→ **WORK REQUEST**
Copy out the lines of the records below, and only those lines, from the one with "Hvor kan lyset på vingerne placeres?" through the one with "Agregó que la", exactly as they appear.

[[ SUPPLIED RECORDS open ]]

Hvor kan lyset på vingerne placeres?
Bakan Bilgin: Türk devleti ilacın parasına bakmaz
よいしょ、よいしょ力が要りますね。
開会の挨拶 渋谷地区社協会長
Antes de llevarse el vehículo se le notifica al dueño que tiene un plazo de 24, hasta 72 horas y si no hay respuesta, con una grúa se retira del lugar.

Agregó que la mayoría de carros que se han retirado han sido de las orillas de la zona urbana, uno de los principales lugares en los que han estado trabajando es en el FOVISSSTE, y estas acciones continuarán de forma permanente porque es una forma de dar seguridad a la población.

[[ SUPPLIED RECORDS closed ]]
[[ SUPPLIED RECORDS open ]]

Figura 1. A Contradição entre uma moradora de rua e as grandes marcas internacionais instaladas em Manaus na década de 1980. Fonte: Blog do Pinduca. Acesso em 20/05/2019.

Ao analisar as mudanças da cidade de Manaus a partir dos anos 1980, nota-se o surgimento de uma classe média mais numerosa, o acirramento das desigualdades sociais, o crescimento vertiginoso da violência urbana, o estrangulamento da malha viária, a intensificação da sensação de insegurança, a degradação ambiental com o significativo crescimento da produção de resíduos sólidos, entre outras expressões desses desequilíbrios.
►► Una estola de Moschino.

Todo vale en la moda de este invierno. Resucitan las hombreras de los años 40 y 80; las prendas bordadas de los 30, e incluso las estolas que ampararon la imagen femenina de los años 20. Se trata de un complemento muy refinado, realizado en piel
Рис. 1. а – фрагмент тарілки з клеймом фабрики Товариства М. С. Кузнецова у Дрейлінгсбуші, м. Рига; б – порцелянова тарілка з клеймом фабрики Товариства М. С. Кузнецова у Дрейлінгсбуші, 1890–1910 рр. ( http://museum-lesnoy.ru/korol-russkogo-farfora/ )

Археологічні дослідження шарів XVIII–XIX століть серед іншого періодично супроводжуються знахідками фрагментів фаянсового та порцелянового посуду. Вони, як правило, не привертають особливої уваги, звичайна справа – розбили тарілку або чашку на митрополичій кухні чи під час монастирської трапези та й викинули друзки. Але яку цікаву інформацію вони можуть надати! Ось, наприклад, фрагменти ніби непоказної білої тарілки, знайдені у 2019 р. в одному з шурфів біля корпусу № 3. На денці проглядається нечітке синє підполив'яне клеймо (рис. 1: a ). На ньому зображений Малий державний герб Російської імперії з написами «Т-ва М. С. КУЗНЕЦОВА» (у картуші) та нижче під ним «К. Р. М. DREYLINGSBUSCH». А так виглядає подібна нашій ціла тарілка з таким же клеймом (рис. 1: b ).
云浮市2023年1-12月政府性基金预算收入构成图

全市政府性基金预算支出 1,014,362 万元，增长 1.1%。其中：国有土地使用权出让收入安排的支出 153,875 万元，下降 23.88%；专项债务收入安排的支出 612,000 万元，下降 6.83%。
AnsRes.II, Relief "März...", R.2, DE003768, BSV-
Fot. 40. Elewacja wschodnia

[[ SUPPLIED RECORDS closed ]]

→ **ANSWER FOR THIS EXERCISE**
Hvor kan lyset på vingerne placeres?
Bakan Bilgin: Türk devleti ilacın parasına bakmaz
よいしょ、よいしょ力が要りますね。
開会の挨拶 渋谷地区社協会長
Antes de llevarse el vehículo se le notifica al dueño que tiene un plazo de 24, hasta 72 horas y si no hay respuesta, con una grúa se retira del lugar.

Agregó que la mayoría de carros que se han retirado han sido de las orillas de la zona urbana, uno de los principales lugares en los que han estado trabajando es en el FOVISSSTE, y estas acciones continuarán de forma permanente porque es una forma de dar seguridad a la población.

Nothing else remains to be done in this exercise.